I forgot to post last week. This holiday season I'm working more than I ever have before, and I'm later getting presents out than ever before (hopefully I can get around to shipping those today...), so I'm sorry for being a little scatterbrained.

I'd like to wish you all a Merry Christmas! And ask you: what is your favorite Christmas tradition?

And for those of you out there who won't have a white Christmas, here's a scene I wrote inspired by the winter wonderland I live in:

The river's green-black water rushed steadily under the ice, the blood of the world, ever pumping even in the middle of winter. Where the tree branches broke through the snow, they stood out more sharply in the chill, hyper-real. Snow eddied around her on the winds, and she pulled her coat tighter, shivering.

She spotted the blackened notch she'd made on a tree near her cabin and straitened her course, picking up her heavy feet, laden with boots and cold,  a little faster. She came into a small clearing and got blasted by heavier winds. They shoved her back a foot before she lowered her shoulder and pushed on. She almost tripped over the bucket, but managed instead to pick it up and scoop some snow into it, being sure not to dig deep enough to scrape the ground. The cold of the handle began to drain heat from her fingers even through her fur-lined gloves. Then she pushed open the door to her cabin.

Warmth enveloped her, and she shut the door as quickly as possible, so that none of it would escape. Then she breathed, and heat seeped in through her lungs, helping to ease the ache from her time outside. She'd been gone too long that time. She shouldn't be so reckless.

Then she looked at Sifearon, a dog-sized dragon she'd found gorging on the remainder of an elk she'd managed to find and kill. She had taken two legs to her cabin, and decided there was enough daylight left to return and get as much else as she could before it froze solid. She'd raised her weapon to kill him, too, knowing that even at his small size a dragon was extremely dangerous. Then he's sensed her and raised his head, but only by a foot. She saw how loose his skin was, then let her eyes roam to the trail he'd left getting to the elk. It was obvious he'd dragged himself forward on his belly. And then as she looked at his eyes she'd seen the angry resignation that filled them, and lowered her weapon.

She'd motioned at the carcass, and he'd managed to pack another several pounds down his gullet. Then she'd brought him home to her cabin and laid him in front of the fire, and after a day he started producing enough heat himself that she didn't have to use as many logs.

His scales were pine green, his eyes the color of bark. He was as gorgeous as the deadly world around them, and she loved him. But finding enough meat to feed them both was hard, since most of the animals had hidden to hibernate or wandered to the south, and Sifearon could eat three times what she could in a sitting and still be starving. She hunted longer, now, trying desperately to find enough to keep him alive until spring. She'd begun looking for bears even, to see if she could get a clean stroke while they lay sleeping. She hadn't found any.

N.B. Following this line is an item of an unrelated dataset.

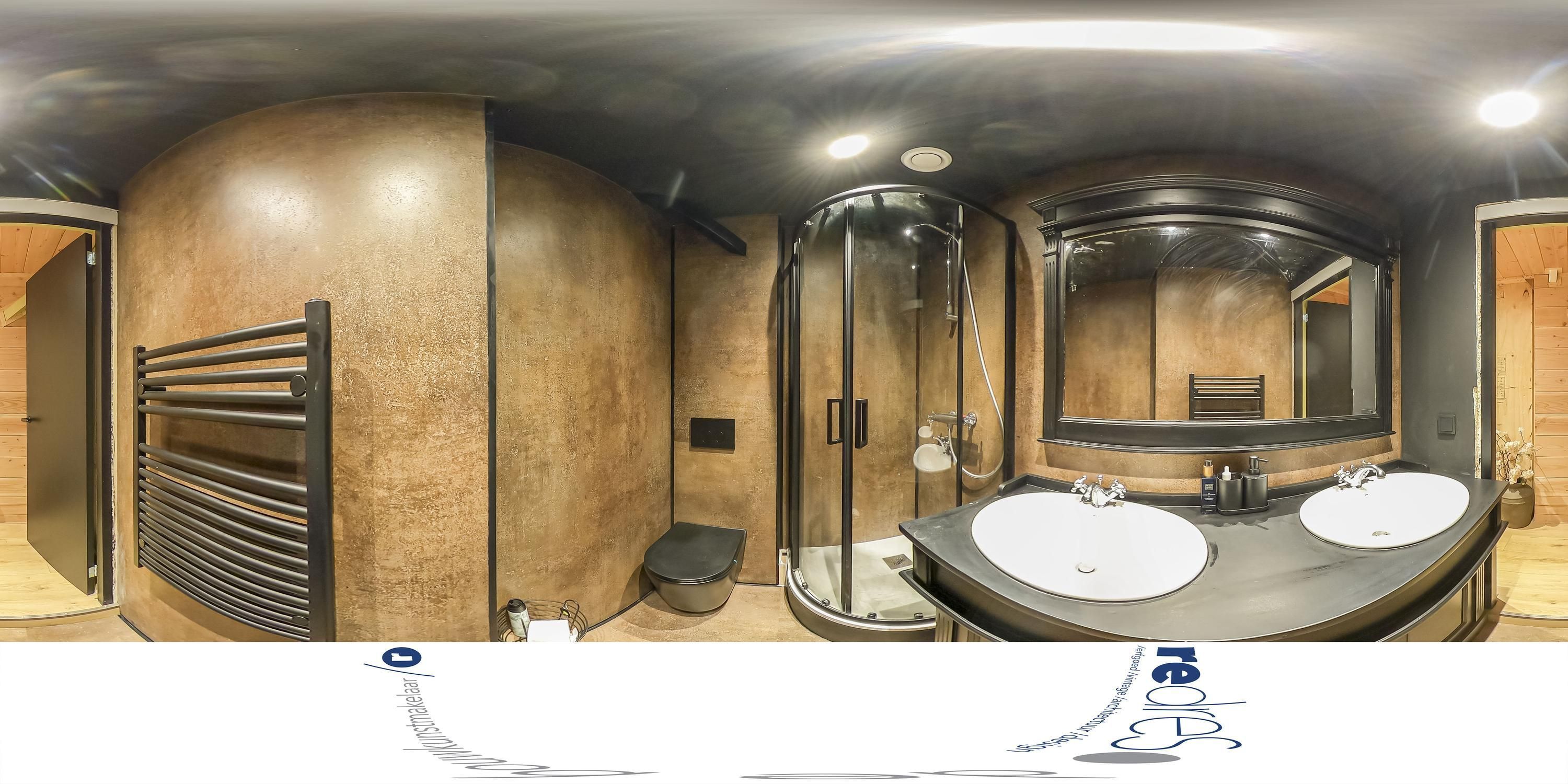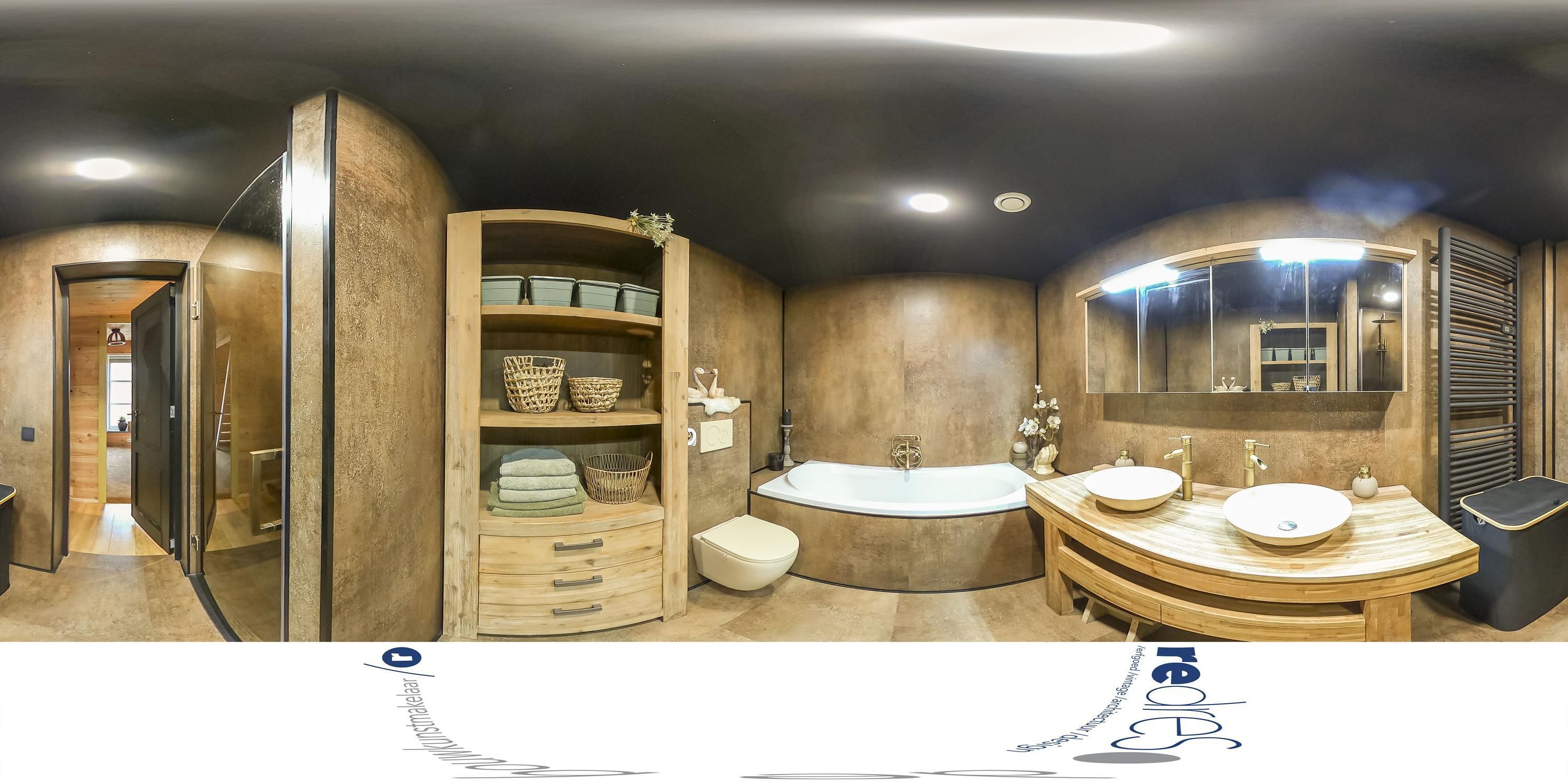 Tussen het voorhuis en de deel ligt het slaaphuis. Dit volume is volledig opnieuw ingericht en omvat zes slaapkamers en twee badkamers. De badkamers zijn voorzien van bad en douche en dubbele wastafels en zijn rustig en functioneel uitgevoerd. Daken, gevels en binnenwanden zijn geïsoleerd met houtvezelplaten. Alle kozijnen zijn vervangen door hardhouten kozijnen met isolerende beglazing.

Sifearon breathed on her hands, sending a prickly flush and a burning sensation up her arms. She knew they weren't really burning, it only felt that way because she'd gotten too cold. "You couldn't find anything." The look of defeat was back in his eyes. He was still too weak to hunt himself. Her arm muscles were the same width as his.

She stroked his cheek, his scales scalding her like furnaces. She didn't pull away. "I know."

Friday, December 7, 2012

Where's My Samurai?

Oops! My family's sick this week, and I forgot to get this up!

I've been rereading the (young adult or children's? not sure) Japanese historical fiction mystery books by Dorothy and Thomas Hoobler, starting with The Ghost in the Tokaido Inn. They are really cool, by the way. Lots of research went into them. So if you have any interest in learning more about 1700's Japan, check them out.

And I've been re-listening to the song Butterfly popularized through DDR. Yes, I love this song. Partly because I think this chick who has journeyed all around Japan definitely does not need a samurai, because she's strong enough herself. Partly because it's catchy, and partly because I have a mild fascination with Japanese culture.

So I drew this:


And I was going to do a Japanese-themed Friday Fantasy scene, but I never got around to writing it. Sorry.

What song do you really like that you don't often admit to others?